SAN ANTONIO – When added to standard neoadjuvant chemotherapy, carboplatin and bevacizumab each improve the odds of eradicating local disease in women with triple-negative breast cancer, but their impact on toxicity differs, based on findings from a randomized phase II trial.
Adding carboplatin to standard chemotherapy improved the odds of pathologic complete response (pCR) by 71%-76% with some increase in toxicity such as neutropenia and thrombocytopenia. Adding the antiangiogenic agent bevacizumab improved the odds of pCR by 58%, but with a considerable increase in toxicity such as hypertension and postoperative complications, based on results of the Cancer and Leukemia Group B (CALGB)/Alliance 40603 trial of 443 women with stage II or III triple-negative breast cancer. Dr. William M. Sikov reported the results in a session and at a press briefing at the San Antonio Breast Cancer Symposium.
Dr. William M. Sikov
Dr. Sikov of Warren Alpert Medical School of Brown University, Providence, R.I., acknowledged that the trial was not powered to assess recurrence-free and overall survivals. While it remains unclear whether pCR predicts improved survival, data from other trials and a meta-analysis suggest that pCR is a good surrogate endpoint and have prompted the Food and Drug Administration to consider this endpoint for new drug approval pending long-term data.
Based on the results from this trial and those of the similar GeparSixto trial reported at the 2013 ASCO annual meeting, he said, "if you have decided a patient with triple-negative breast cancer should receive neoadjuvant chemotherapy based on the size of the tumor, based on the desire to improve the chance of breast conservation, then I think it makes sense to add carboplatin to your neoadjuvant regimen, and that you can comfortably do so with acceptable additional toxicities."
Alternatively, Dr. Sikov said that bevacizumab "increased the pCR rate, but at the cost of significant toxicities, and I don’t think that [bevacizumab] should be routinely added to neoadjuvant chemotherapy."
In the CALGB/Alliance 40603 trial, which was funded in part by Genentech, about three-fourths of the women were white, and roughly two-thirds had clinical stage II disease; 55% had clinically positive nodes.

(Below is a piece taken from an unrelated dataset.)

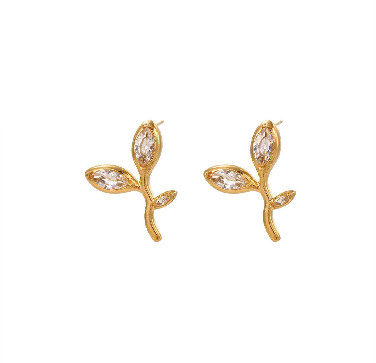 Questi eleganti orecchini sono realizzati in acciaio inossidabile di alta qualità, disponibili anche in una versione dorata placcata in oro 18K. Il design raffinato presenta un motivo a rametto con foglie, ciascuna adornata da scintillanti zirconi taglio marquise che aggiungono un tocco di brillantezza e sofisticazione. Grazie alla placcatura in oro 18K, la versione dorata mantiene una lucentezza duratura e un aspetto lussuoso. Il materiale utilizzato garantisce che gli orecchini non si anneriscano, siano resistenti all’acqua e ipoallergenici, rendendoli perfetti per un uso quotidiano senza preoccupazioni. La chiusura a perno assicura una vestibilità sicura e confortevole.
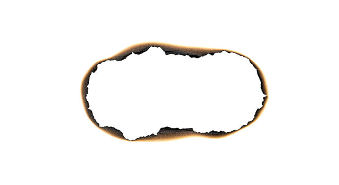 Burnt Paper Effect – Scorched Border: A cutout with a burnt paper effect, featuring a scorched and charred border, isolated on a white background.

All of the women were treated with weekly paclitaxel followed by dose-dense AC (doxorubicin and cyclophosphamide).
In a 2-by-2 factorial design, patients were randomized to additionally receive carboplatin or not, and to additionally receive bevacizumab (Avastin) or not.
Adding carboplatin increased the rate of pCR in the breast only (60% vs. 46%; odds ratio, 1.76; P = .002) and pCR in both the breast and axilla (54% vs. 41%; odds ratio, 1.71; P = .003).
Similarly, adding bevacizumab increased the rate of pCR in the breast only (59% vs. 48%; odds ratio, 1.58; P = .009) but conferred only a trend toward an increased rate of pCR in both the breast and axilla (52% vs. 44%; odds ratio, 1.36; P = .057).
There was no significant interaction between the treatment effect of carboplatin and the treatment effect of bevacizumab, according to Dr. Sikov, who disclosed no conflicts of interest related to the trial.
In terms of toxicity, adding carboplatin increased rates of grade 3 or worse neutropenia and thrombocytopenia. Adding bevacizumab increased rates of grade 3 or worse hypertension, bleeding, and thrombosis. And adding both drugs increased rates of both sets of adverse events, with a higher rate of grade 3 or worse febrile neutropenia.
Serious adverse events were more common with added bevacizumab and with added carboplatin-bevacizumab. For example, 15% and 16% of patients in these arms, respectively, developed febrile neutropenia during receipt of the AC part of chemotherapy.
Also, addition of bevacizumab was associated with a higher rate of postsurgical complications (9% vs. 5%), most often hematoma or seroma, and a higher rate of delayed surgical complications (4% vs. 1%), such as wound healing issues.